It's all about enhancing the "reading experience," he tells us, and making the newspaper brighter and bolder.
Former Sentinel writing coach John DeGroot, an occasional Pulp contributor and ardent critic of his old newspaper, had a different take: "What we have here is the product of countless minds and millions of dollars worth of equipment doing their best to create better looking skin for their low-grade baloney."
My problem is that the skin really doesn't look better and that the "reading experience" isn't easier, it's more difficult. It's hard to know where to start reading anymore and if you start with the graphics and boxes, you're only going to get confused. But all those bells and whistles should help mask the lack of substance in the newspaper, though.

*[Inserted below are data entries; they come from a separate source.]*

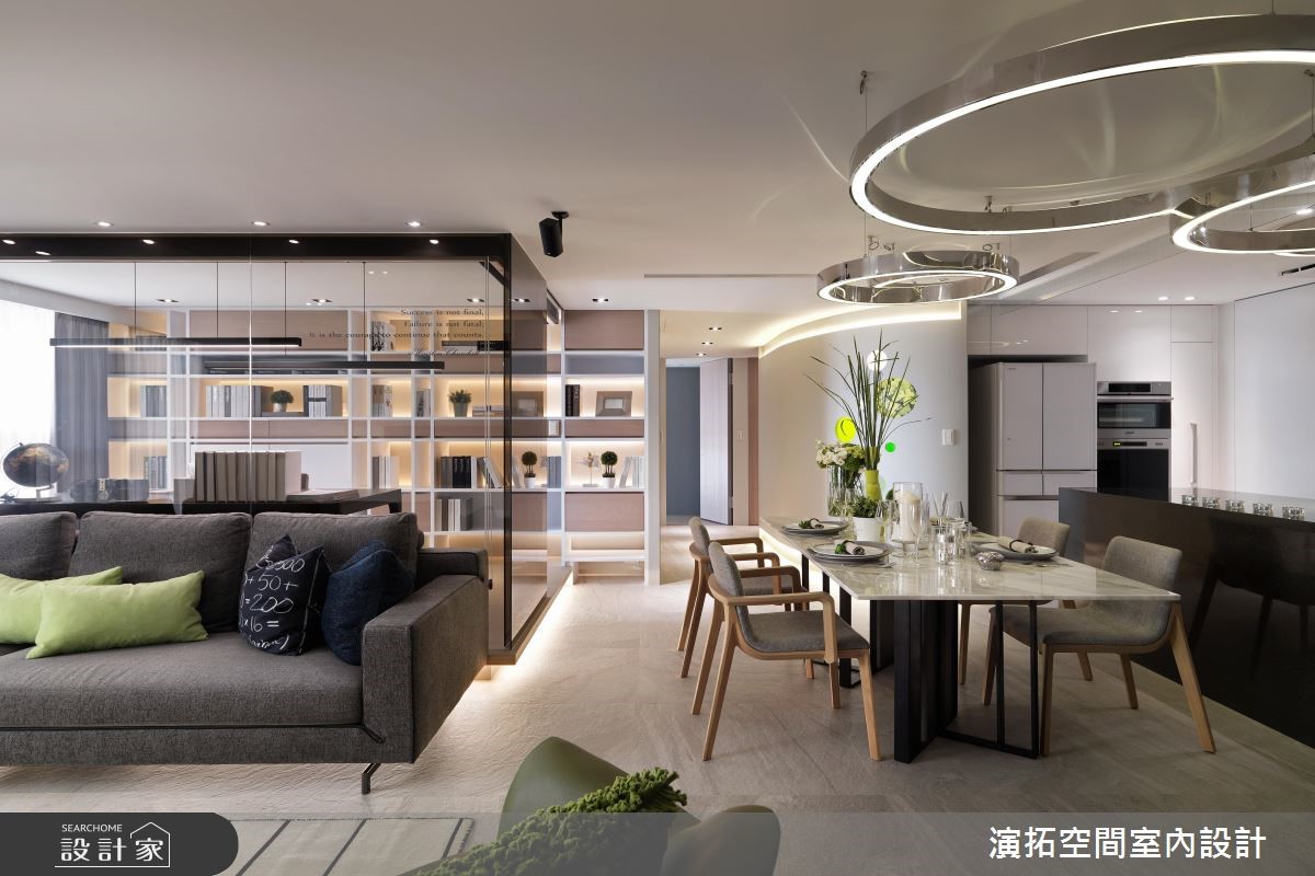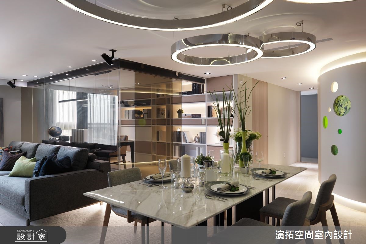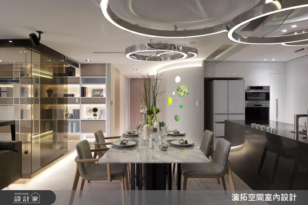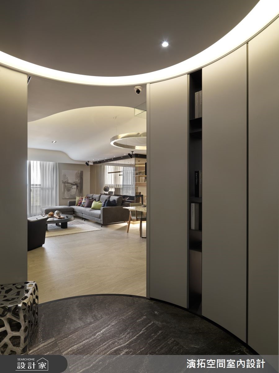 142平方米现代风居宅,设计师在施工前就发现,壁面、阳台有反潮现象,工程格外着重防潮措施,规划防潮柜用以放置皮件、皮衣等等,更量身打造厨房操作台面,且考虑到孩童安全,于细节处加入弧型收边等,照顾全家人的便利与安全。【格局与灯具造型,结合圆融意象】居宅运用圆弧语汇,取代常见的制式方正格局,从玄关起始,即以圆型场域搭配天花灯带,并沿着墙面置入收纳机能,营造出温润的入门画面;公共空间内,则可见天花、墙面转角、装饰软件,皆以圆弧图腾互相呼应,成就整个家的核心标志。【依照使用身高,调整台面高度】餐厅透过开放式布局,与厨房形成密切互动,操作台面高度特别加高,让身高较高的屋主使用更便利;书房给予玻璃围塑,营通透无碍的明亮视野,再结合嵌灯与间接灯光映衬,让内部书墙瞬间成为聚焦立面,勾勒隽永而美好的风景!
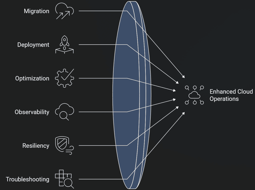 The idea is this: rather than humans manually correlating signals and triaging issues, AI-powered agents are embedded directly into the operational workflow. They don't just surface insights, they translate them into coordinated, governed action across the full cloud lifecycle.
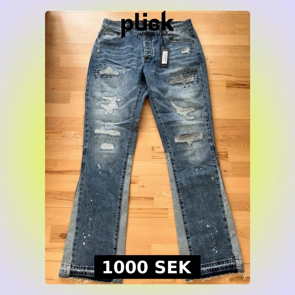 Säljer ett par blå jeans från Lorenzo Veratti med slitna detaljer, hål och färgstänk för en riktigt edgy look. Raka ben och råa kanter nertill ger en avslappnad vibe. Perfekta för dig som gillar streetstyle och vill sticka ut. Jag säljer dessa jeans eftersom att jag köpte fel storlek
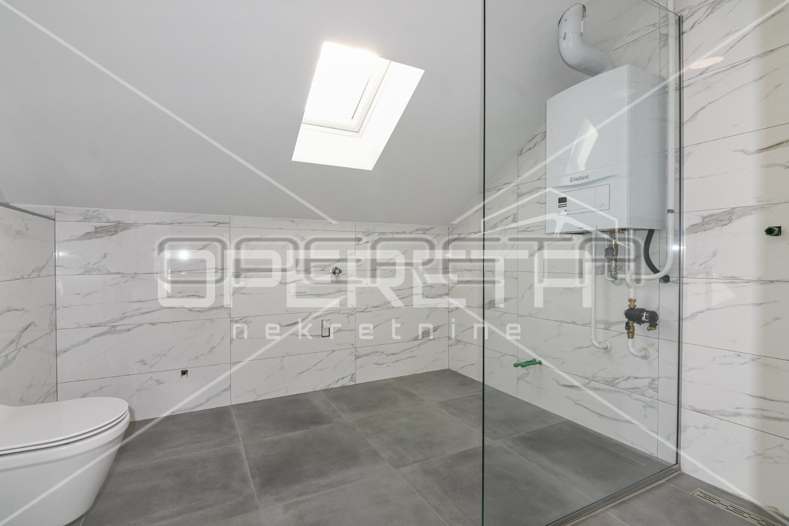 Kvalitetno građen i moderan stan u novogradnji, funkcionalnog tlocrta, u potkrovlju zgrade koja se sastoji od 3 stana. Jedinstvena lokacija u blizini i jednakoj udaljenosti od centra Stubičkih Toplica, lječilišta i bazena te Donje Stubice i Termi Jezerčica.
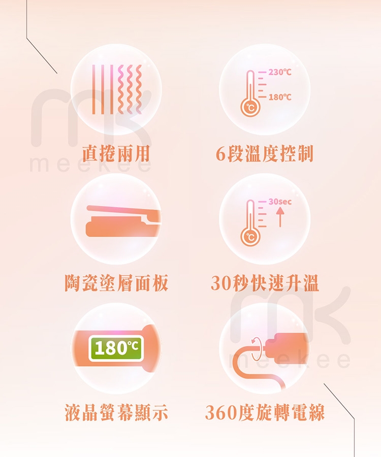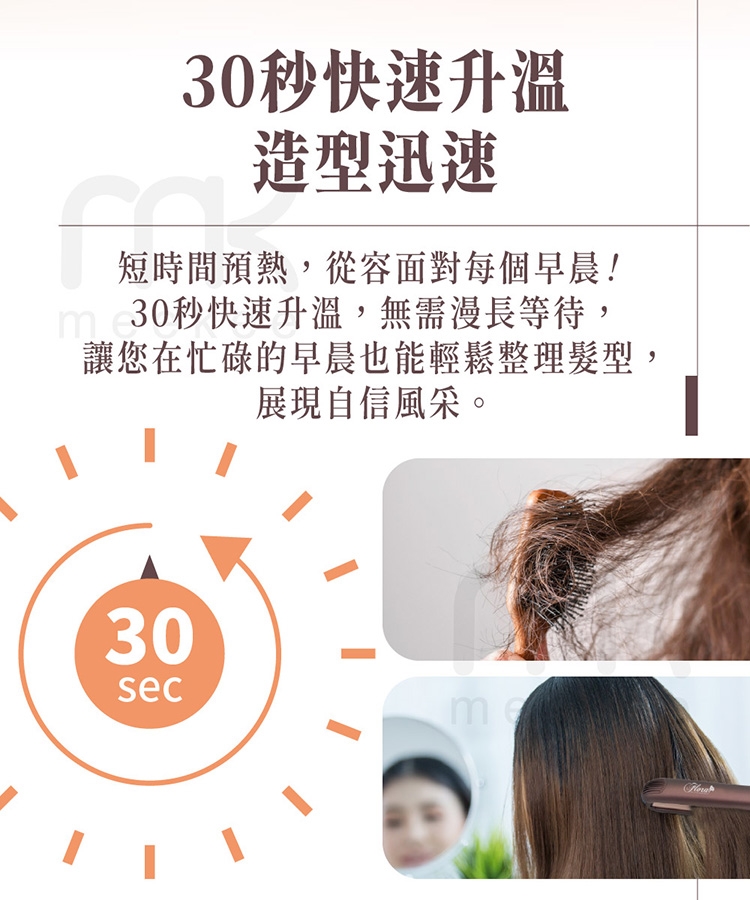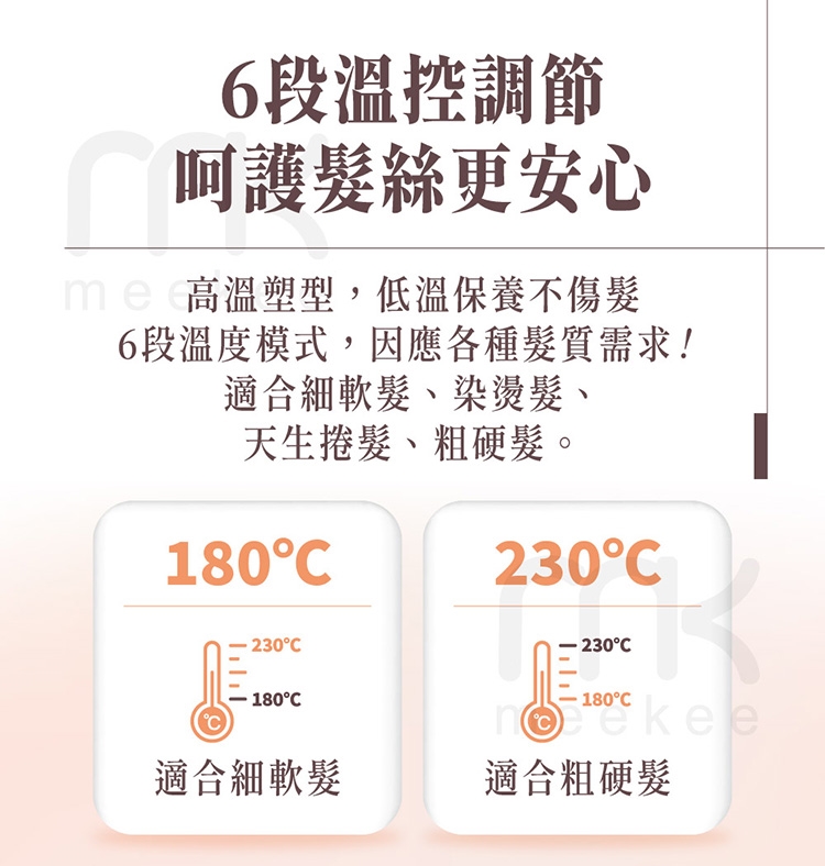 ●六段控溫加熱快,直捲造型快速打理
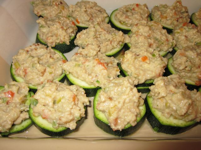 V bistvu včeraj za kosilo: pečene bučke, obložene z maso iz namočenih ovsenih kosmičev (dodana popražena čebula in paprika), prelito z pirino smetano in jajčkom. Par jih je bilo obloženih s sirčkom (pa ne zame). Zraven motovilc.
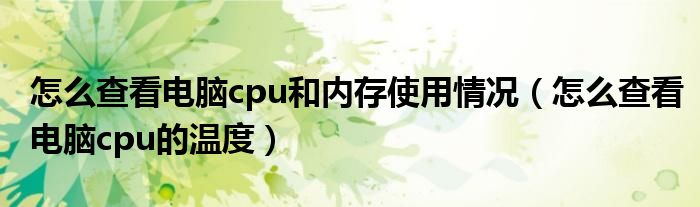 大家好,今天小悦来为大家解答以上问题。怎么查看电脑cpu和内存使用情况,怎么查看电脑cpu的温度很多人还不知道,现在让我们一起来看看吧!
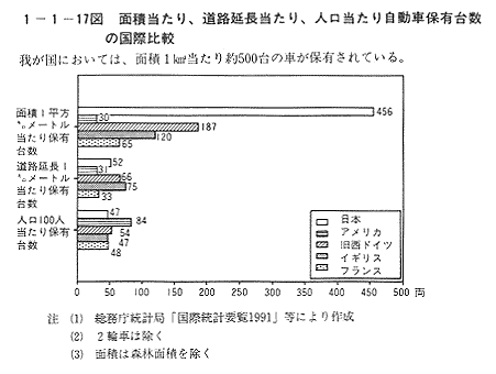 面積当たり、道路延長当たり、人口当たり自動車保有台数の国際比較
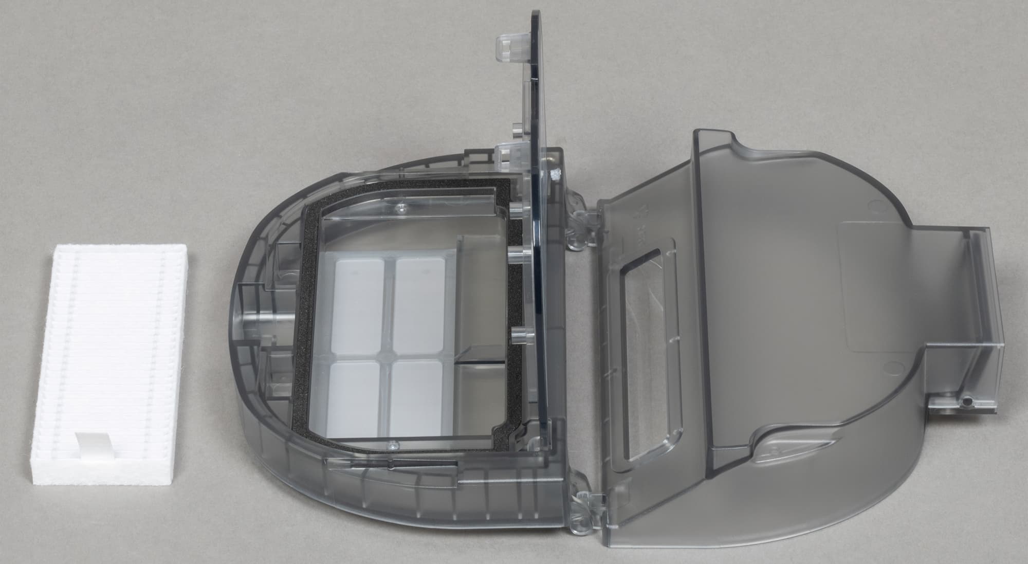 Система фильтрации у этой модели двуступенчатая: поток воздуха с пылью проходит через тонкую капроновую сетку, защищающую от повреждений основной элемент: прямоугольный HEPA-фильтр.

Actually, my theory is the Sentinel, by making its product a chaotic bunch of colors and graphics, is only making it easier to camouflage the advertisements that are creeping ever more prevalently onto fronts. Started with business, now you're starting to see it in Sports and other sections.
Let's see, it looks like H. Wayne Huizenga already owns the business section, with the incessant Nova Southeastern University ads promoting the H. Wayne Huizenga School of Business. Thankfully, there was no ad on the day that the Sentinel promoted -- I mean wrote about -- Huizenga being inducted to the Automotive Hall of Fame. The headline under a huge bust-like photograph of the billionaire and famed civic vampire: "Ford, Firestone ... Huizenga."
It's getting bad, folks. I'm telling you.